So that is all fine and dandy...

Now we refactor the build, introducing a common parent pom,
foobar-parent... what do we need to publish for that?

* Well my first "get out of jail" card is to mandate that when building,
you cannot use a parent pom that has a *newer* modelVersion than the child
pom. Thus we do not have to worry about people using Maven 3.2 and trying
to use foobar-parent:1.0 as their parent pom. We set the <prerequisites> in
the deployed modelVersion 4.0.0 pom to the required version of Maven and we
inject an enforcer rule bound to the `validate` phase that immediately
fails the build with a message stating that you cannot use it as a parent.

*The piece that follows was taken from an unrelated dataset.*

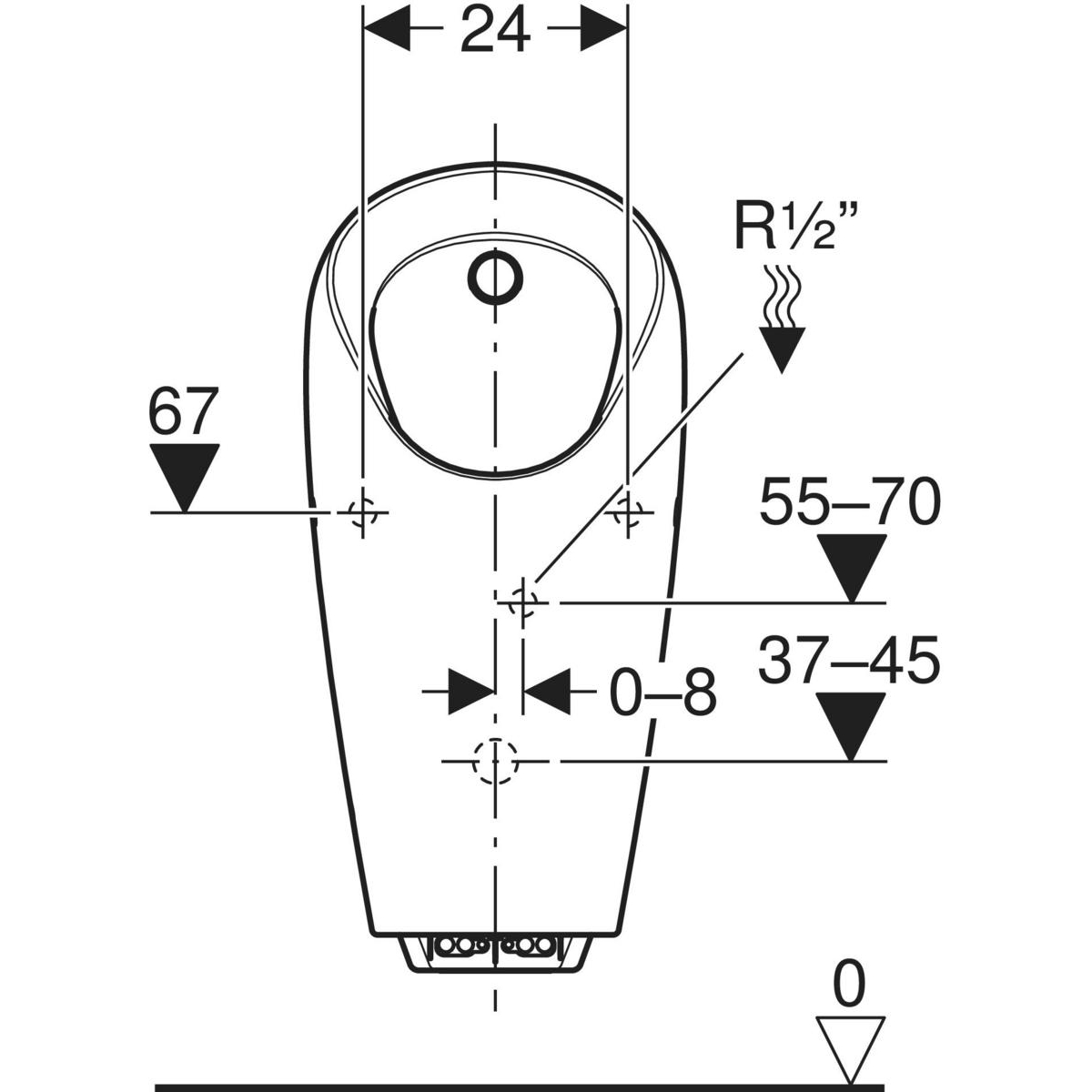 Pisuar Geberit Selva z wbudowanym systemem spłukiwania pisuarów, zasilanie generatorowe: T=37cm, Odpływ=Do tyłu, Dopływ=Z tyłu, Biały

  Thus even if you use Maven 4.0.0 to build a modelVersion 4.0.0 pom, you
still will not be able to have a modelVersion 5.0.0 parent. I think this is
reasonable, as we cannot expect to fully down-map the dependency features
let alone the build features.

  So we are deploying a *generated* modelVersion 4.0.0 pom as
foobar-parent-1.0.pom which is stripped to just effective dependencies (etc
as for the jar) and has a <build> section that causes anyone who tries to
use it as a parent pom from a pre-maven 4.0.0 format pom to get an
immediate build failure.

* There are valid cases where a parent pom can include a set of
dependencies that are common to all child projects. It may not be a style
that I like, but just as I am not going to give out if somebody writes
their *project* and has the idiotic idea of using TABs to indent (I'll moan
if I have to make a contribution to their project though) I do not think we
should prevent such a use case. Additionally, and perhaps more importantly,
there can be side artifacts for a pom packaging. Thus we really should be
publishing a .dml file for the parent. Most likely it will be empty (we
don't need <dependencyManagement> because .dml files *never* include a
parent reference) but the file is needed for any side-artifacts

* What about people using this project *as a parent*... we need to deploy
something for them... we can assume they will be able to understand our
modelVersion and format (because we have used that get out of jail card
already to prevent the modelVersion 4.0.0 children), so lets just deploy
the pom with a classifier of build

foobar-parent-1.0.pom
foobar-parent-1.0.pom.gpg
foobar-parent-1.0.pom.md5
foobar-parent-1.0.pom.sha1
foobar-parent-1.0.pom.gpg.sha1
foobar-parent-1.0.pom.gpg.md5
foobar-parent-1.0-build.pom
foobar-parent-1.0-build.pom.gpg
foobar-parent-1.0-build.pom.md5 (could perhaps omit as only new clients
will read this)
foobar-parent-1.0-build.pom.sha1 (could perhaps omit as only new clients
will read this)
foobar-parent-1.0-build.pom.gpg.sha1 (could perhaps omit as only new
clients will read this)
foobar-parent-1.0-build.pom.gpg.md5 (could perhaps omit as only new clients
will read this)
foobar-parent-1.0.dml
foobar-parent-1.0.dml.gpg
foobar-parent-1.0.dml.md5 (could perhaps omit as only new clients will read
this)
foobar-parent-1.0.dml.sha1 (could perhaps omit as only new clients will
read this)
foobar-parent-1.0.dml.gpg.sha1 (could perhaps omit as only new clients will
read this)
foobar-parent-1.0.dml.gpg.md5 (could perhaps omit as only new clients will
read this)
foobar-1.0-src.tar.gz (illustrating the most common side-artifact for pom
projects)
foobar-1.0-src.tar.gz.gpg
foobar-1.0-src.tar.gz.md5
foobar-1.0-src.tar.gz.sha1
foobar-1.0-src.tar.gz.gpg.sha1
foobar-1.0-src.tar.gz.gpg.md5

That is my view of *one way* to get to modelVersion 5.0.0. I think that
*technically* the above could work. There are issues:

* Newer clients will go looking for the .dml file and then fall back to the
.pom if the .dml is missing... that makes 5 requests (.dml, .pom, .pom.gpg,
.jar, .jar.gpg - or replace .gpg with whatever hash you want) to get a .jar
file rather than 4, in other words a 20% increase in requests for older
artifacts... or 33% increase if you don't want integrity checks)... we
could do a bulk generation of the .dml files... but then we have to
generate gpg signatures for those files which would break the trust that
gpg is supposed to inject.

  Given that older clients currently go hunting for two hashes I think we
can ignore this issue, e.g. it's actually better than .pom, .pom.md5,
.pom.sha1, .jar, .jar.md5, .jar.sha1

  This would therefore be using the .gpg file as a download integrity check
and then optionally an additional check that users can choose to turn on
would be to check that the key used to sign is trusted.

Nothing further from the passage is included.